**SOURCE DATA:**
--------------------------------

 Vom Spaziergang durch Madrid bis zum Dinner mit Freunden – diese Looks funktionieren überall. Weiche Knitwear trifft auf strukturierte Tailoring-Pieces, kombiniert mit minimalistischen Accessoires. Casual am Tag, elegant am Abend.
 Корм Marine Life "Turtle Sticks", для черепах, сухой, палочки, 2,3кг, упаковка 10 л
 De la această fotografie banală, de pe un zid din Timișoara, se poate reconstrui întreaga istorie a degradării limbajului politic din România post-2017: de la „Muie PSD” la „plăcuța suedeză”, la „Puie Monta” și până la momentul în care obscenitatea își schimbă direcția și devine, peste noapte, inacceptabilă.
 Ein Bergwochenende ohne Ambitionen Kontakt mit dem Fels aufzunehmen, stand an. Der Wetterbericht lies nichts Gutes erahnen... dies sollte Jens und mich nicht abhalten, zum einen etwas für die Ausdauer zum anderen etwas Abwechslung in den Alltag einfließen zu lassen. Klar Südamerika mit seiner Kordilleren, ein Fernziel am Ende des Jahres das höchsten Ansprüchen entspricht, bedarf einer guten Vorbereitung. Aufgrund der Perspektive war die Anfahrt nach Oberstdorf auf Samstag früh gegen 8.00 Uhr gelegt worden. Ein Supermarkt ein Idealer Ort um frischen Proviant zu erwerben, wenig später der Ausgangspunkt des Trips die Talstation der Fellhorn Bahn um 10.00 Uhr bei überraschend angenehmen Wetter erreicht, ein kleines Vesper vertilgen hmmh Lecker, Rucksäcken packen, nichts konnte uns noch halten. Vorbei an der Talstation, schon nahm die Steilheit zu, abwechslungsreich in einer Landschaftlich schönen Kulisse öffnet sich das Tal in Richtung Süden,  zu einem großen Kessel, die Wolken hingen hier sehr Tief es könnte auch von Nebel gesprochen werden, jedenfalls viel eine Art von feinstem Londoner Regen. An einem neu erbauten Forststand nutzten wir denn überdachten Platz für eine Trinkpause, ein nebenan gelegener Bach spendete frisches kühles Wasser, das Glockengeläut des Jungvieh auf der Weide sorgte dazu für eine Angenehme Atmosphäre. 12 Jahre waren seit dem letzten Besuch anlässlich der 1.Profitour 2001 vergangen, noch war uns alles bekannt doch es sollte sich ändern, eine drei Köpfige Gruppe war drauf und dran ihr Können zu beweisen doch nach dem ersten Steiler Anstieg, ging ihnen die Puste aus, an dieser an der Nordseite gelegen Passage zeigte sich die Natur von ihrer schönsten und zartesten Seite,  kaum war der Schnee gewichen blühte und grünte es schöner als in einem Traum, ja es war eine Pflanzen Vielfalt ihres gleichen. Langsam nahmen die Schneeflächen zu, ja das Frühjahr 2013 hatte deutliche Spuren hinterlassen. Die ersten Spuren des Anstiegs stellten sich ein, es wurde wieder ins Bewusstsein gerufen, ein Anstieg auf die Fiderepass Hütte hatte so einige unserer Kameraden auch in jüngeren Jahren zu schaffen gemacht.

--------------------------------

**EXERCISE DIRECTIONS:** Would you quote everything above from the line containing "Корм Marine Life" down to the line containing "De la această"? Include both of those lines and nothing else.

**RESPONSE TO THE EXERCISE:**
 Корм Marine Life "Turtle Sticks", для черепах, сухой, палочки, 2,3кг, упаковка 10 л
 De la această fotografie banală, de pe un zid din Timișoara, se poate reconstrui întreaga istorie a degradării limbajului politic din România post-2017: de la „Muie PSD” la „plăcuța suedeză”, la „Puie Monta” și până la momentul în care obscenitatea își schimbă direcția și devine, peste noapte, inacceptabilă.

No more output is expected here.